- Intrinsic factors are mainly age-related; with variable expression according to genetic factors and hormonal status (i.e. oestrogenic deficiency induces a loss of 30% of collagen in the 4 years following the menopause). At the cellular level, the length of telomeres at the ends of chromosomes gradually shortens resulting in cellular alterations in function. DNA repair capacity and proteins such as P53 decrease resulting in less cell renewal. Clinically, we observe on non-photo exposed areas, a skin that is thinned, drier, withered, less pigmented, and less toned.

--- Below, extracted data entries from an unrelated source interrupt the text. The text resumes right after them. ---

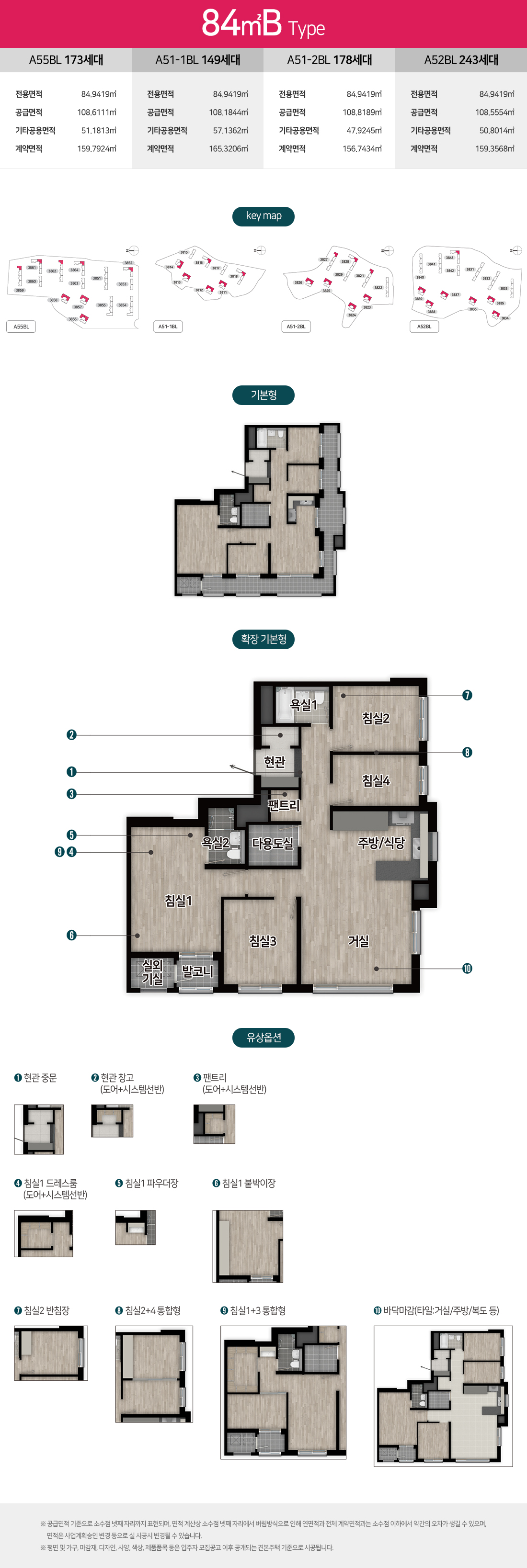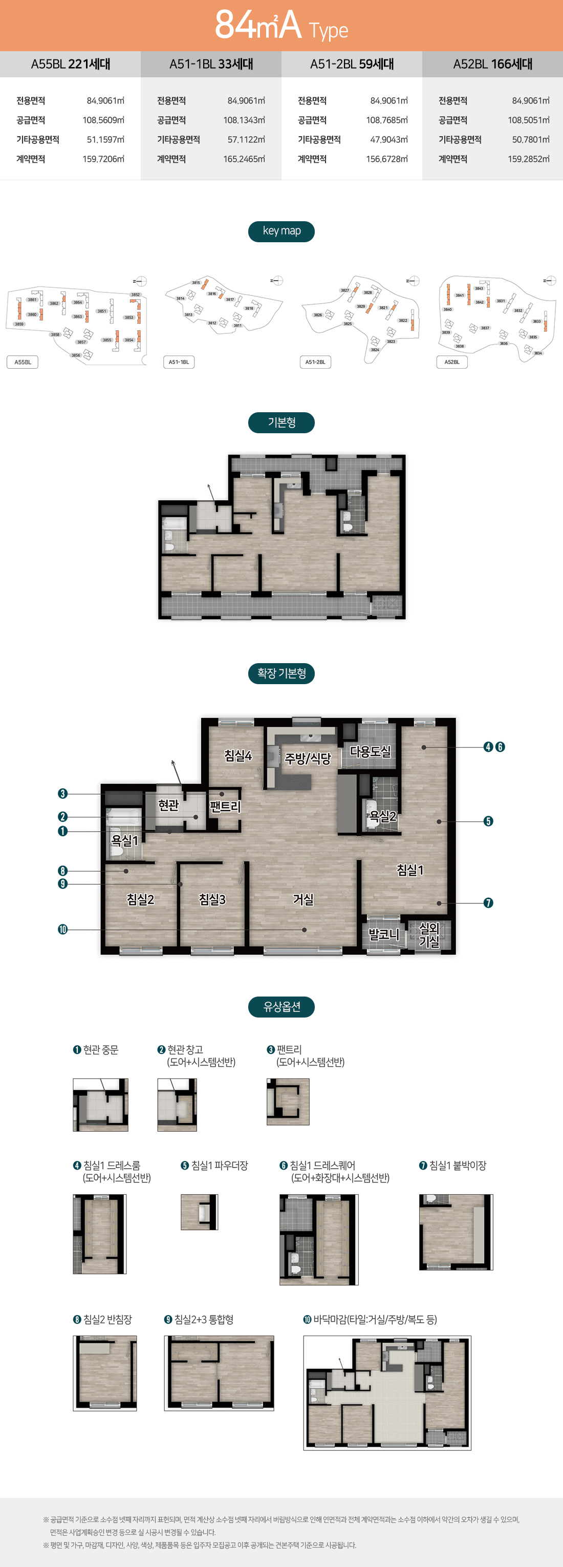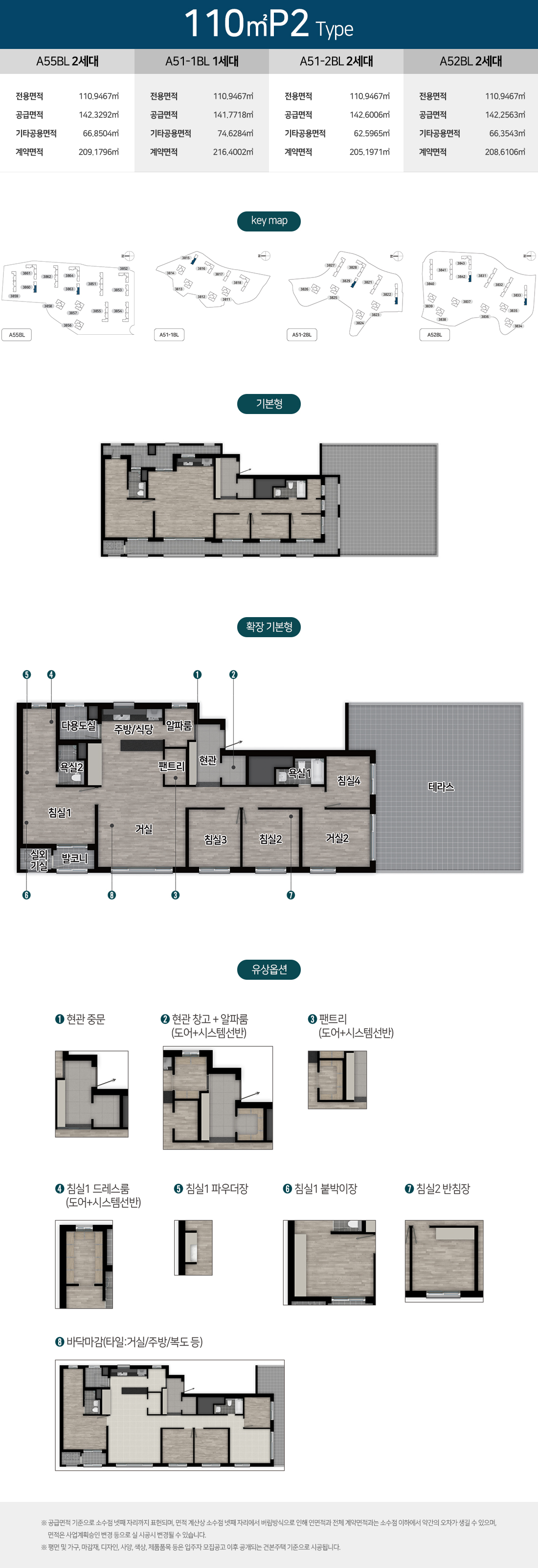 동탄 파크릭스 평면도입니다. 총 8가지 타입으로 구성되어 있습니다. 74, 84(A,B), 97(A,B,C), 110(A,P1,P2)으로 구성되어 있습니다. 대부분 기본형보다는 확장형으로 선택하는 경우가 많습니다. 따라서 평면도를 보실 때 확장기본형으로 보시면 도움되실 거라 생각됩니다. 또한 옵션의 경우에는 아래에 자세하게 기재되어 있으니 참고하시면 좋습니다. 동탄 파크릭스는 타입이 다양하여 자세한 내용은 다음 포스팅때 평면도만 다뤄보도록 하겠습니다.
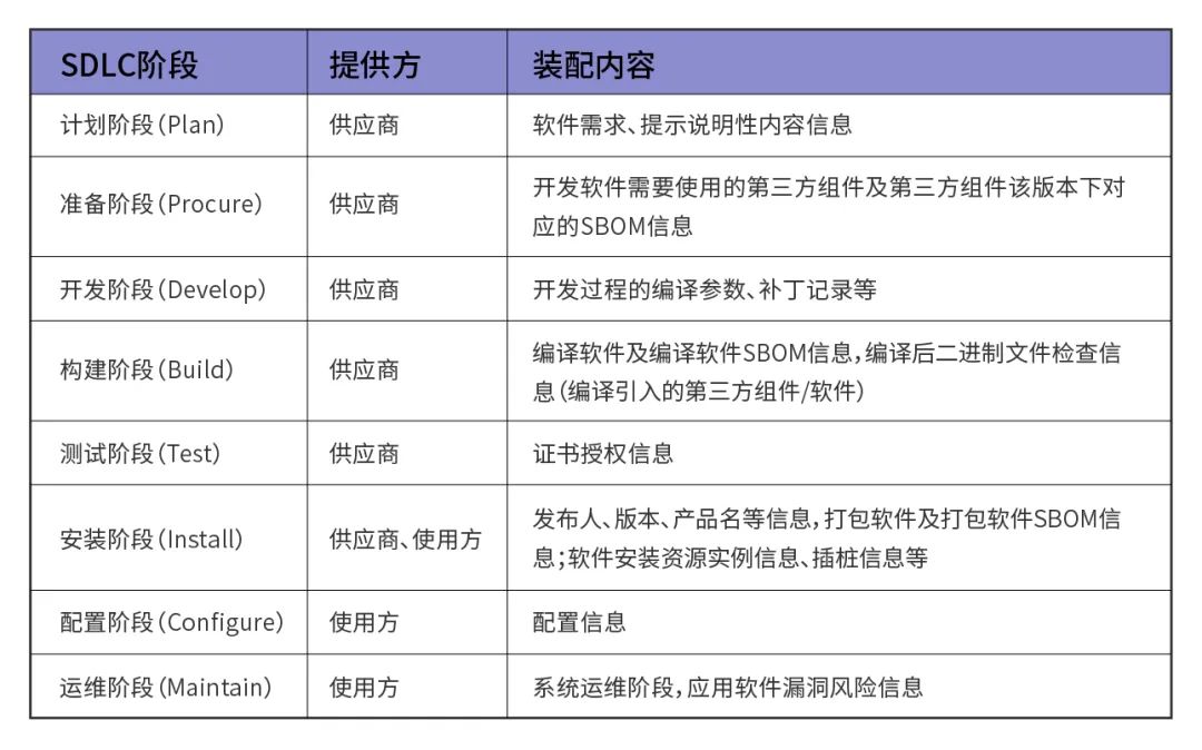当SBOM被重新定义后,SBOM具有更高的透明度、具体来源和传播效率,企业机构在一定条件下通过SBOM即可识别和修复漏洞风险。且SBOM还可以指导开发人员或供应商在整个SDLC中进行应用安全软件开发实践。以下说明了SBOM如何在SDLC中完成组装的过程,供实践人员进行参考:
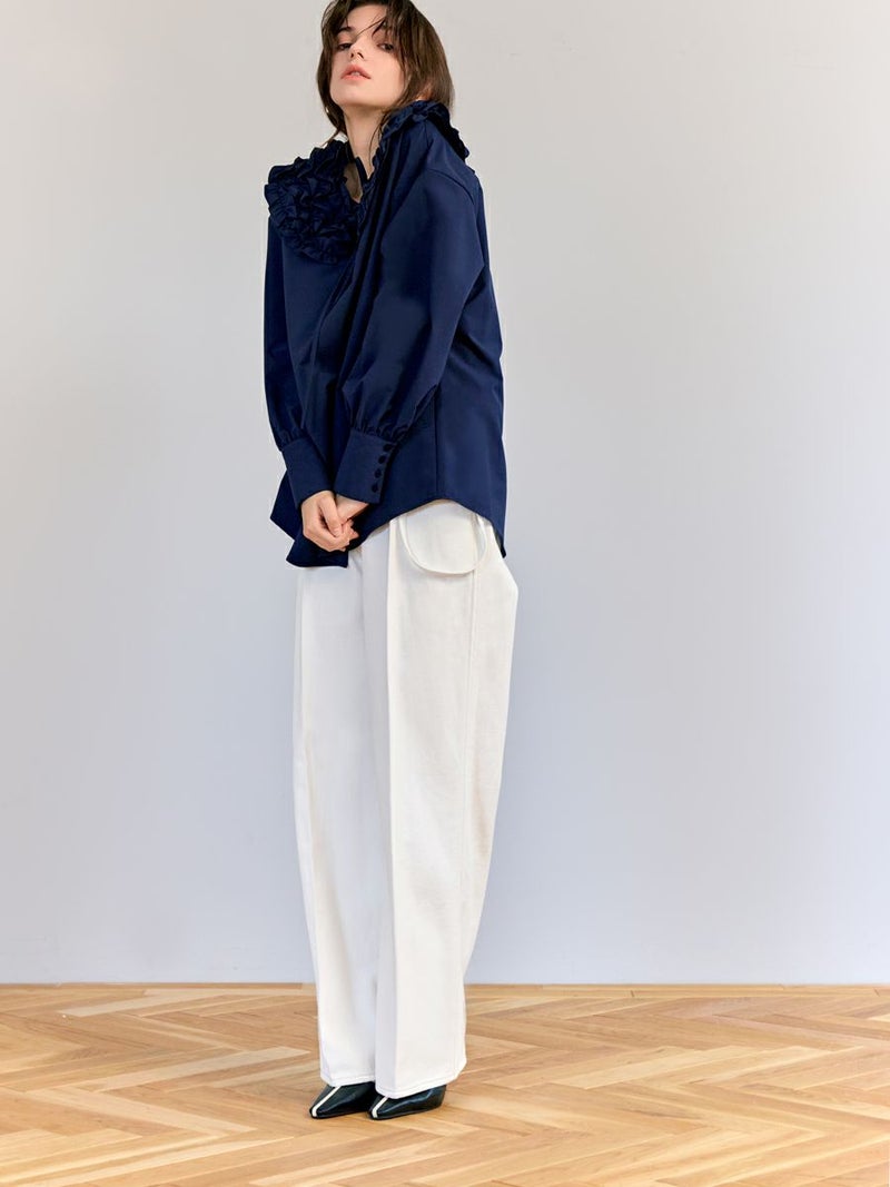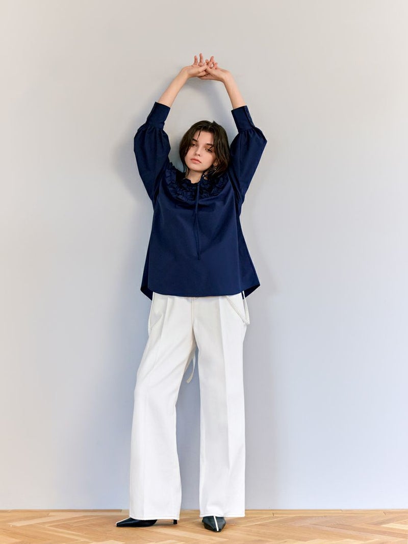 フロントのセンターラインをウエスト切り替え位置までいれることで、すっきりと足を長く見せてくれます。

- Extrinsic factors are mainly UV exposure-related, which induces lesions at the epidermis (UVB) and dermis (UVA) but also includes pollution (ozone) exposure, alcohol and tobacco use. At the cellular level, these factors are a source of free radical production (i.e. oxidative stress), with deterioration of DNA and repair systems. Clinically, a solar elastosis is observed on photo exposed areas resulting in skin that is rough, yellow, flabby, atrophic with deep wrinkles and irregularities of pigmentation.
- Biometrology is a fiels of non-invasive evaluation technics focused on skin’s innate biophysical responses using various imaging and applied energy technologies .Prime examples of these are Laser Doppler, Corneometer, Ballistometry and Ultrasound to name a few. Data are obtained with precise controls which are based on reproducible, calibrated and controlled processes of data collection. The application of skin metrology spans from normal healthy skin function to stressed and even pathological conditions. Because the skin is a highly variable organ designed to acclimate and respond to environmental stresses both acute and chronic, tracking these changes, to understand or correct the aging process, is paramount to the development of any new technology.
- Cosmetic products play a growing role in the well-being of individuals as they age. As early as 1994, WHO defined an individual’s health as a complete state of well-being – not only physical but also psychological and social collectively. This triad is particularly true for seniors who care less about their physical appearance than their physical condition and quality of life (general form, mood and attractiveness).
Today, advertising and new product developments highlight integrative beauty that sublimates beauty at any age. Anti-aging claims are abandoned in favor of pro-aging, creating new opportunities for growth. As a result, it becomes essential to assess the impact of cosmetic products on the emotional aspect. Emotions can be understood through 3 components: expressive (behavioral), visceral (physiological) and subjective (psychometry). This last component is very often employed in cosmetics, due to its ease of use and its relevance. Thanks to standardized and objective questionnaires, subjects are asked to document and quantify the intensity of their emotional engagement (joy, relaxation, excitement, etc.) or the frequency of well-being situations.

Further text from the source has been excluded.